Travels with Alice FROM THE PUBLISHER
This delightful book collects Calvin Trillin's accounts of his trips to Europe with his wife, Alice, and their two daughters. In Taormina, Sicily, they cheerfully disagree with Mrs. Tweedie's 1904 assertion that the beautiful town "is being spoilt," and skip the Grand Tour in favor of swimming holes, table soccer, and taureaux piscine. In Paris, they spend a day on the Champs-lyses comparing Freetime's "le Hitburger" to McDonald's Big Mac. In Spain, Trillin wonders whether he will run out of Spanish "the way someone might run out of flour or eggs." Filled with Trillin's characteristic humor, Travels with Alice is the perfect book for summer travelers.
FROM THE CRITICS
Newsday
Utterly delightful . . . the sophisticated traveler masquerading as innocent abroad.

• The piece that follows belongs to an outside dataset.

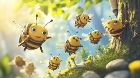 A delightful scene featuring cheerful cartoon bees joyfully flying among vibrant daisies in a sunny nature setting, showcasing the beauty of outdoor life.

New York Times Book Review
One of the classiest and funniest writers . . . Tantalizing and hilarious.
Lloyd Rose
A book full of delights! His work is a moveable feast. -- The Village Voice
The Christian Science Monitor
Trillin's skillful blend of travel, food and humor is an entertaining excursion.
Publishers Weekly
Syndicated humor columnist, author ( If You Can't Say Something Nice ) and New Yorker writer Trillin publicly refers to his wife Alice as the principessa when they travel: ``I found it improved the service in hotels.'' With Alice and daughters Abigail and Sarah, he here roams through France, Italy, Spain and the Caribbean, his selective eye and broad interests picking up on whatever intrigues him. In southern France, for instance, he pursues the vanishing arcade game of babyfoot and develops an obsession with the provincial event called taureaux piscine , a form of bullfighting requiring a small plastic swimming pool. In a mildly curmudgeonly tone, Trillin reveals a skeptic's attitude toward the French language and manners, though he's willing to forgive much of a country that gave the world the French fry. Food is never far from his thoughts, whether it leads him to farmers' markets in Provence, to sampling ethnic specialties on a stroll through lower Manhattan, or taste-testing the latest fast-food offerings in Paris. If he were a stand-up comedian, these essays would be called routines; whatever one calls them, they're sure to raise a smile. The peripatetic, insatiably curious Trillin is invariably entertaining. (Oct.)